Review of Mr. Campion’s complaint reveals that the majority of relief requested is damages; attorney fees; disgorgement of money, interest, charges, fees and costs that Defendants collected from class members in garnishment proceedings; and penalties. He also seeks a declaratory judgment that Defendants’ practices violate the FDCPA and or the WCPA, and permanent injunctions under the WCPA, Wash. Rev.Code § 19.86.090, prohibiting Defendants from attempting to collect unauthorized garnishment fees and costs and from collecting funds without first obtaining a garnishment judgment. However, these appear to the Court to be secondary to the money damages. Accordingly, Mr. Campion’s motion for certification of a class action under Fed.R.Civ.P. 23(b)(2) is DENIED.
4. Conclusion
Plaintiffs have met their burden of proving that the Affidavit Class satisfies the requirements of Fed.R.Civ.P. 23(a) and (b)(3) with respect to the following common questions
(1) Whether the affidavits sent to the class members in support of writs of garnishment misrepresented the “legal status” of unawarded attorney fees and costs by describing them as “judgment” amounts;
(2) Whether the writs concerned obligations incurred for personal, family, or household purposes and not for business purposes;
(3) Whether the affidavits were delivered to the debtor class members; and
(4) Whether the affidavits were sent within the statute of limitations period for the FDCPA, WCAA and WCPA.

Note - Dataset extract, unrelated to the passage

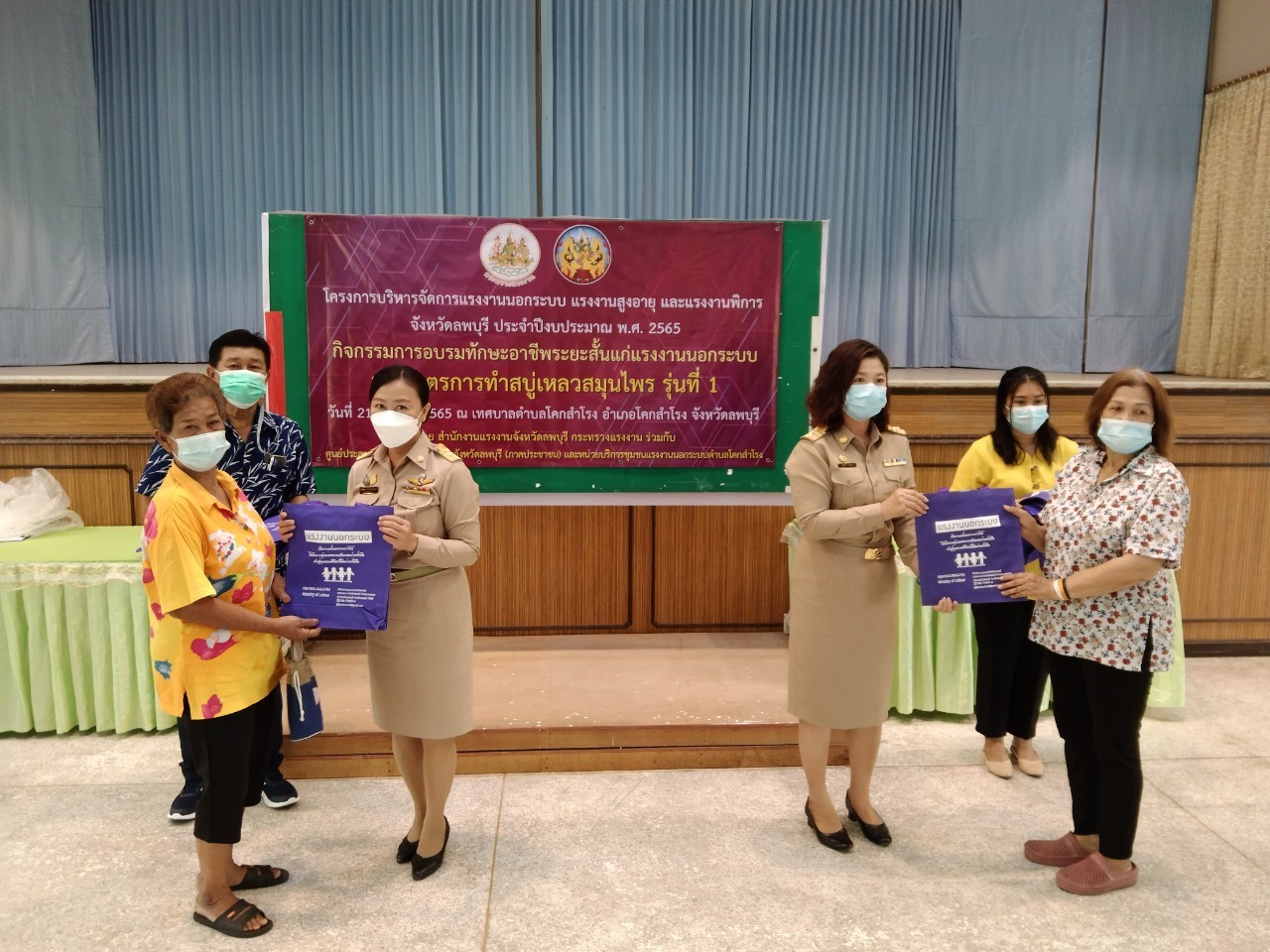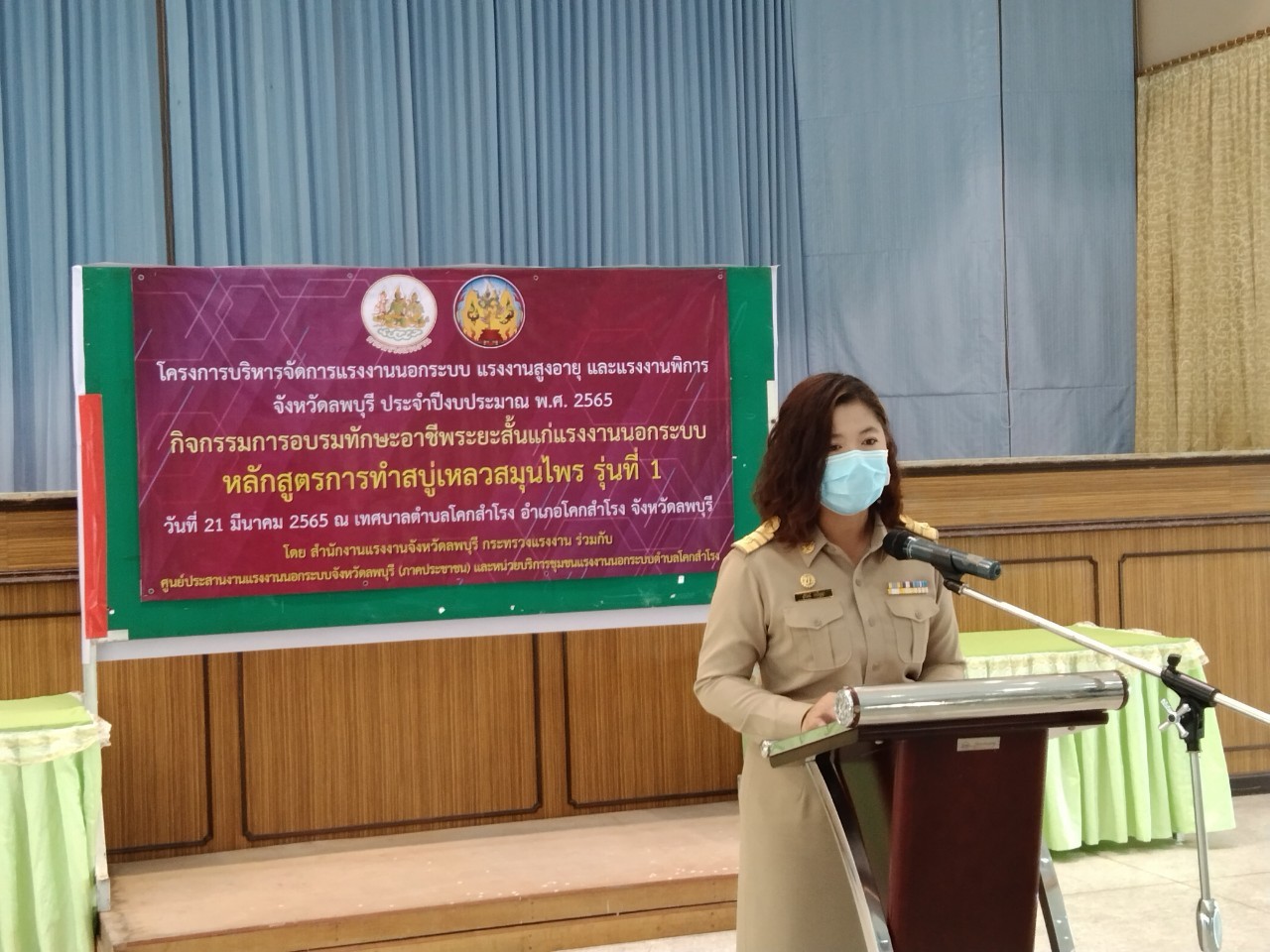 วันที่ 21 มีนาคม 2565 นางสาวสุกัญญา องค์วิเศษไพบูลย์ แรงงานจังหวัดลพบุรี เป็นประธานเปิดการอบรมทักษะอาชีพระยะสั้นแก่แรงงานนอกระบบ หลักสูตรการทำสบู่เหลวสมุนไพร รุ่น 1 ภายใต้โครงการบริหารจัดการแรงงานนอกระบบ แรงงานสูงอายุ และแรงงานพิการจังหวัดลพบุรี ประจำปีงบประมาณ พ.ศ.2565 มีผู้เข้าร่วมกิจกรรมเป็นแรงงานนอกระบบ จำนวน 21 คน ณ เทศบาลตำบลโคกสำโรง ตำบลโคกสำโรง อำเภอโคกสำโรง จังหวัดลพบุรี โดยการอบรมครั้งนี้ มีวัตถุประสงค์เพื่อให้แรงงานนอกระบบนำความรู้ที่ได้รับไปประยุกต์ใช้เพื่อเพิ่มโอกาสในการประกอบอาชีพ เพื่อสร้างรายได้ และลดค่าใช้จ่ายในครัวเรือน พร้อมนี้ นางสาวสุรีรัตน์ วรปัญญา นายกเทศมนตรีตำบลโคกสำโรง และเจ้าหน้าที่เทศบาลตำบลโคกสำโรง เข้าร่วมเป็นเกียรติในการเปิดการอบรมและอำนวยความสะดวกในการดำเนินกิจกรรม โดยมีนายวิรัตน์ เอี่ยมสอาด อาสาสมัครแรงงานตำบลโคกสำโรง เป็นผู้ประสานงาน

Accordingly, for the reasons set forth herein and on the record,
IT IS HEREBY ORDERED:
1. Defendant Miller’s Motion to Dismiss Based Upon Lack of Standing, (Ct.Rec.113), is DENIED.
2. Plaintiffs Motion to Extend Time for Filing Part of Plaintiffs Reply to Defendants’ Materials In opposition to Class Certification, (Ct.Rec.132), is GRANTED.
3. Plaintiffs’ Motion for Leave to File Over-Length Brief Re Reply to Class Certification, (Ct.Ree.135), is GRANTED.
4. Plaintiffs Motion to Strike Affidavit of Paul A. Billberg, (Ct.Rec.130), is GRANTED in part and DENIED in part, as set forth herein.
5. Plaintiffs Motion for Class Certification, (Ct.Rec.64), is DENIED as moot. Plaintiffs Revised Motion for Class Certification, (Ct.Rec.105), is DENIED in part and GRANTED in part as is set forth herein.
No later than March 30, 2001, Plaintiffs shall file with the Court a proposed notice and distribution plan that provides to the Affidavit Class members the best notice practicable under the circumstances. The notice and plan shall comply with the requirements of Fed.R.Civ.P. 23(c)(2). Following Court approval, Plaintiffs shall distribute the notice to the Affidavit Class members in accordance with the distribution plan.
6. The District Court Executive shall send a notice to the parties setting a scheduling conference in this matter.
IT IS SO ORDERED. The District Court Executive is directed to:
1. Enter this Order;
2. Provide copies to counsel; and
*6793. Set a scheduling conference in this matter.

. The Court recognizes Plaintiffs’ assertion that Mr. Billberg’s figure is improper because it sets forth the net worth of Defendant CBS's collection department, rather than the net worth of Defendant CBS as a whole. Nonetheless, the *671figure is useful as a low end value for Defendant CBS’s net worth.

. In a suit brought by an individual, the FDCPA permits recovery of actual damages, discretionary damages up to $1,000, and costs and attorney's fees. See 15 U.S.C. § 1692k.